An exact copy of the lines from the start of the material below through the line containing "Brown with golden" is the required answer, and it includes no pictures.
-- MATERIAL FOR THIS EXERCISE follows --
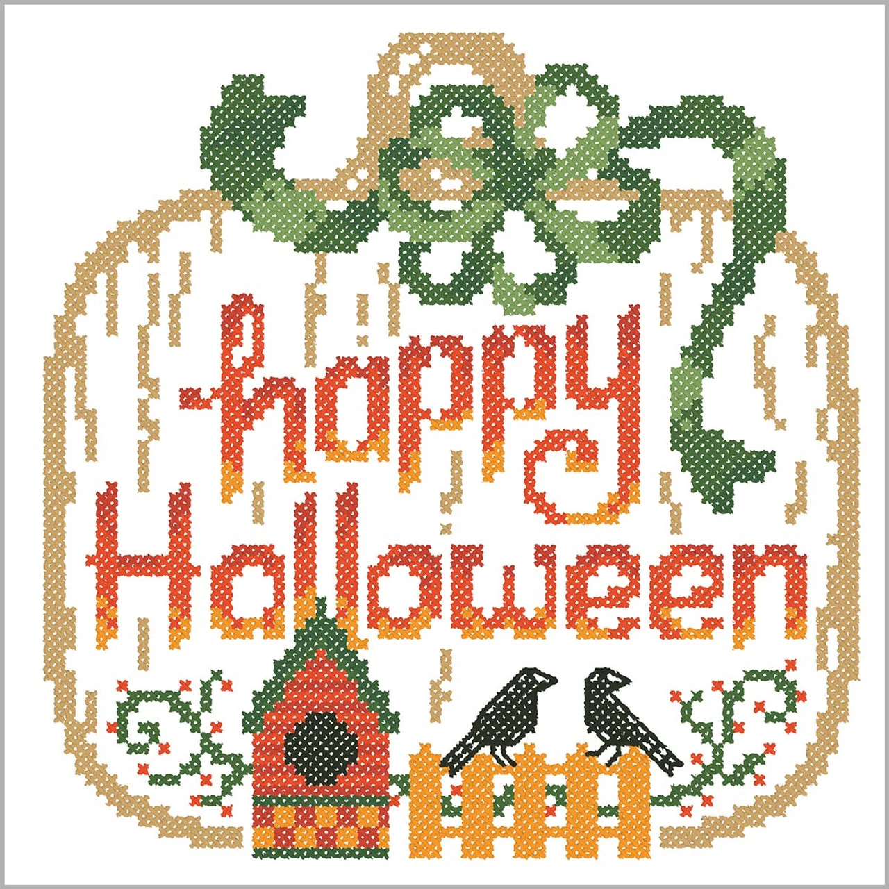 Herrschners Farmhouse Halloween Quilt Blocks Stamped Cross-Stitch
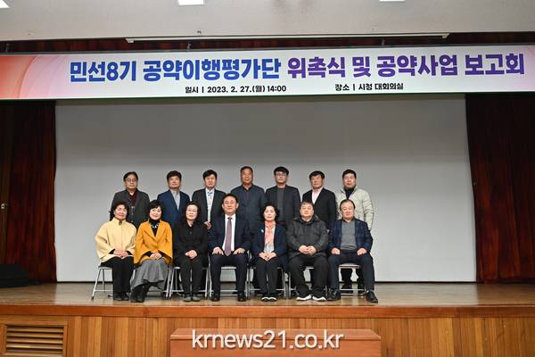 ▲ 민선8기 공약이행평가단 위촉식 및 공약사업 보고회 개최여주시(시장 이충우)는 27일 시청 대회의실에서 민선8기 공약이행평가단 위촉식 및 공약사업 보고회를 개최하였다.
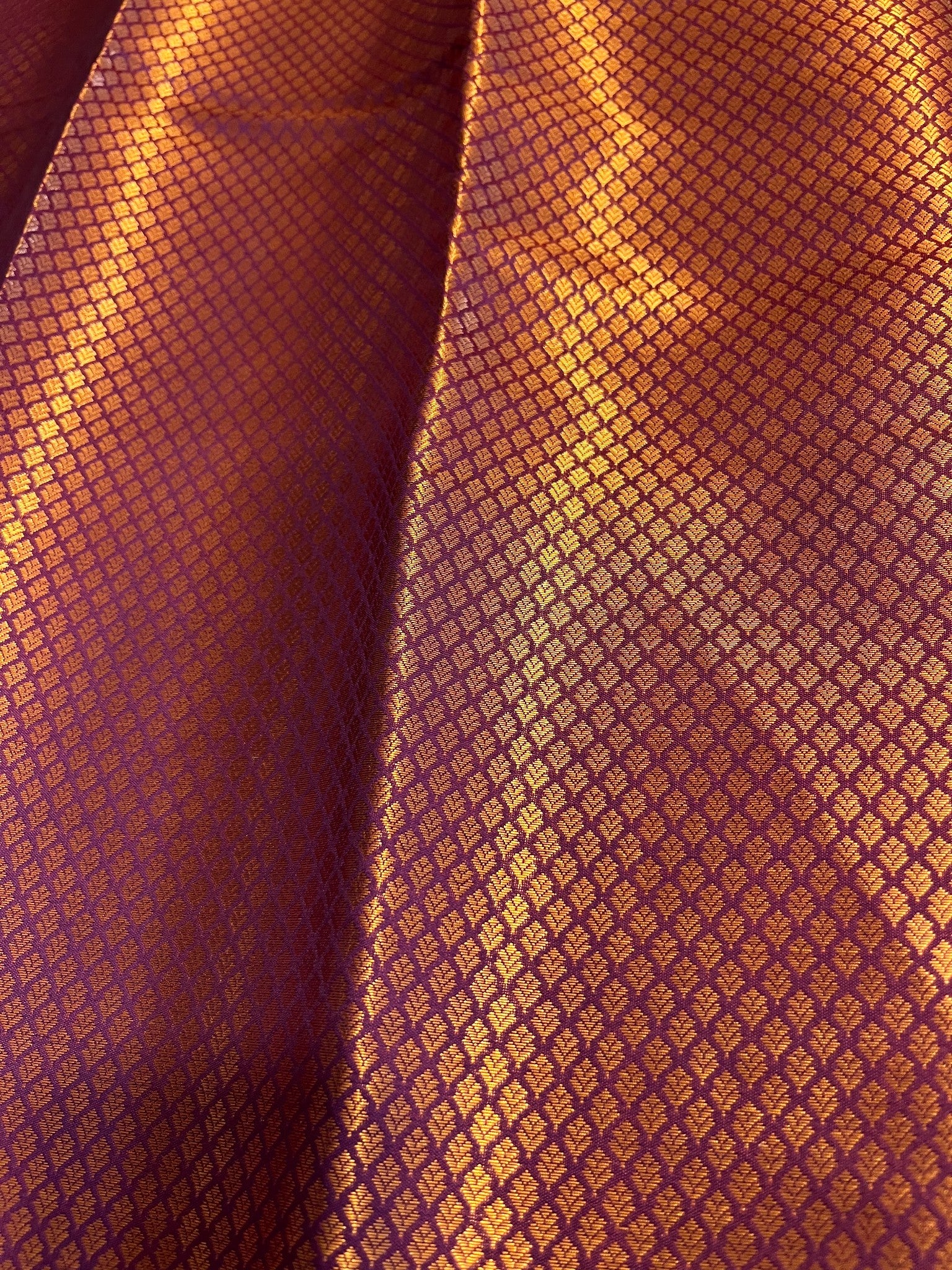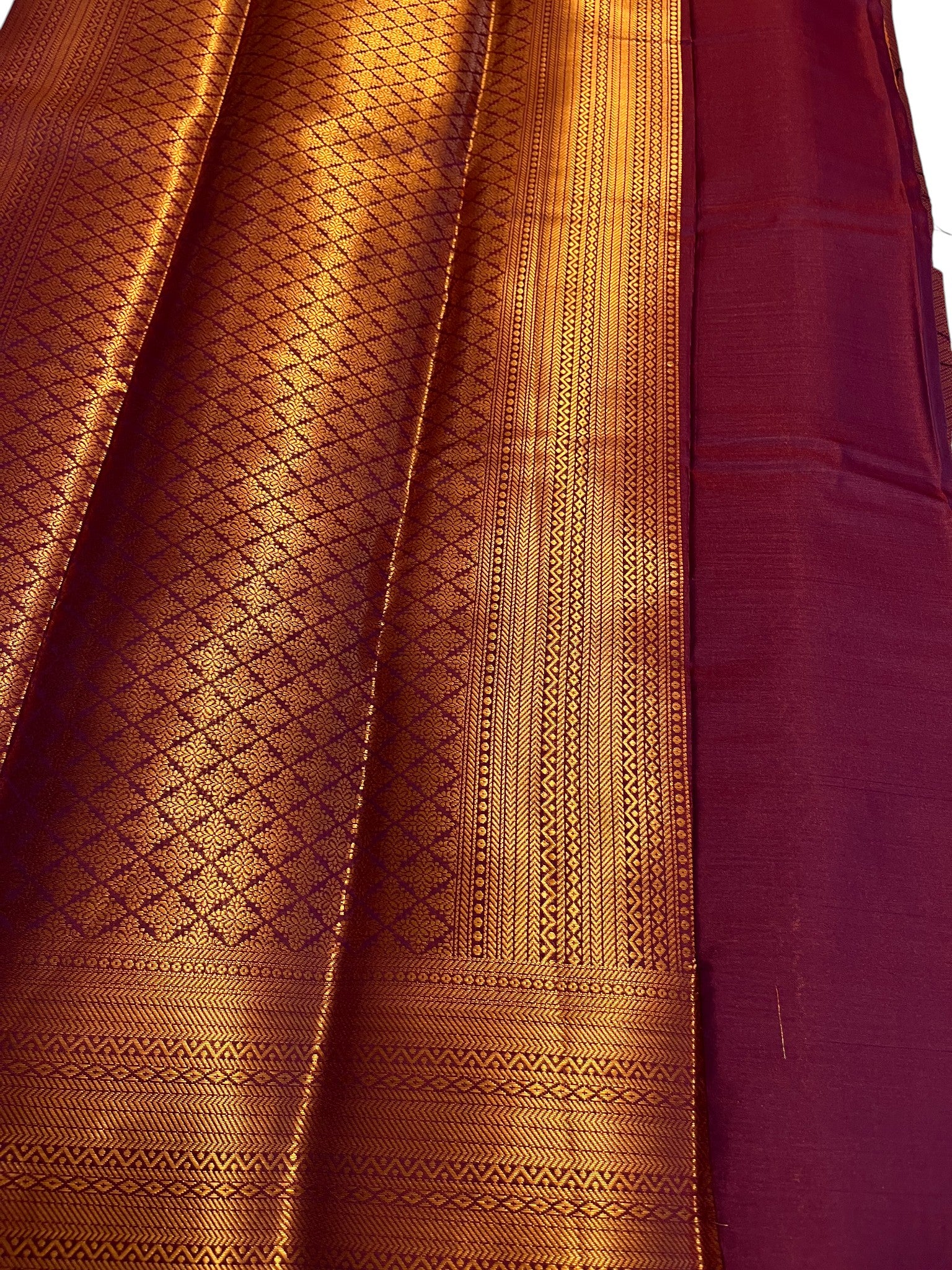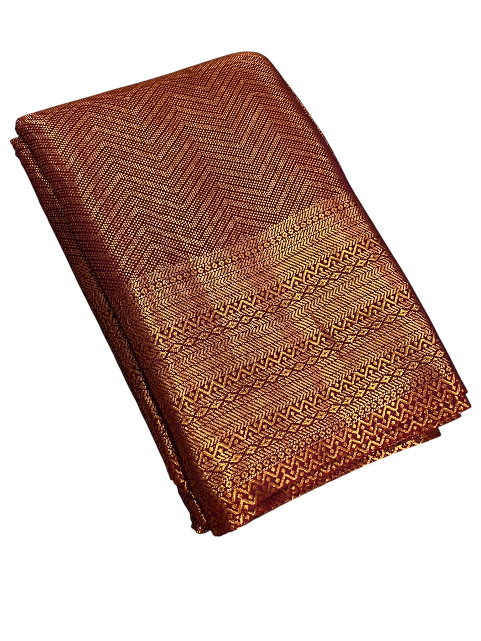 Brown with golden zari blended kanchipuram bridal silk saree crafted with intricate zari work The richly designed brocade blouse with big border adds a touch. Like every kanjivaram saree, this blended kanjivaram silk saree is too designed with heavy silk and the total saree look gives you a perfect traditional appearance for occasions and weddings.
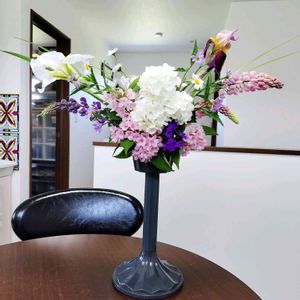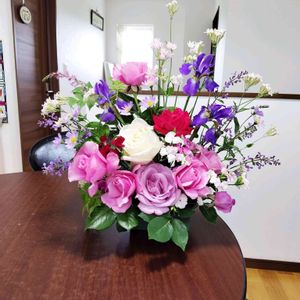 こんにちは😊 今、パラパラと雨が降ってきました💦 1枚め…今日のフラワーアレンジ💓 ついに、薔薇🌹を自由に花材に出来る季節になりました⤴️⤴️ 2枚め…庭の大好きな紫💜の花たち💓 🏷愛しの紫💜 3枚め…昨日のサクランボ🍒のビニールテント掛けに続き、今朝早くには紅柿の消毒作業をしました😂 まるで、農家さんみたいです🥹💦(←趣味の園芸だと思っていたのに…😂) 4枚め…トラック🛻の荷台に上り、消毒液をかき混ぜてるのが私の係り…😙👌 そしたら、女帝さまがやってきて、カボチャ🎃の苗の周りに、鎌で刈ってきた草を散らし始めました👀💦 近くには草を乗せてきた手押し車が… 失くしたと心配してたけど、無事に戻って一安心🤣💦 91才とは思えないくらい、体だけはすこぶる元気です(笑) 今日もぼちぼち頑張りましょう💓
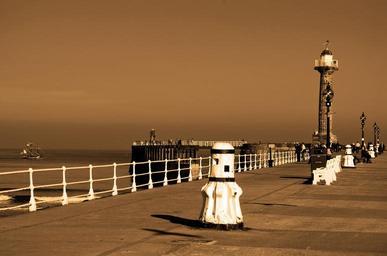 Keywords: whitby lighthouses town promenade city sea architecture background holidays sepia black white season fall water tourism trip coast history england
-- MATERIAL FOR THIS EXERCISE concluded --
# SOLUTION TO THE EXERCISE:
 Herrschners Farmhouse Halloween Quilt Blocks Stamped Cross-Stitch
 ▲ 민선8기 공약이행평가단 위촉식 및 공약사업 보고회 개최여주시(시장 이충우)는 27일 시청 대회의실에서 민선8기 공약이행평가단 위촉식 및 공약사업 보고회를 개최하였다.
 Brown with golden zari blended kanchipuram bridal silk saree crafted with intricate zari work The richly designed brocade blouse with big border adds a touch. Like every kanjivaram saree, this blended kanjivaram silk saree is too designed with heavy silk and the total saree look gives you a perfect traditional appearance for occasions and weddings.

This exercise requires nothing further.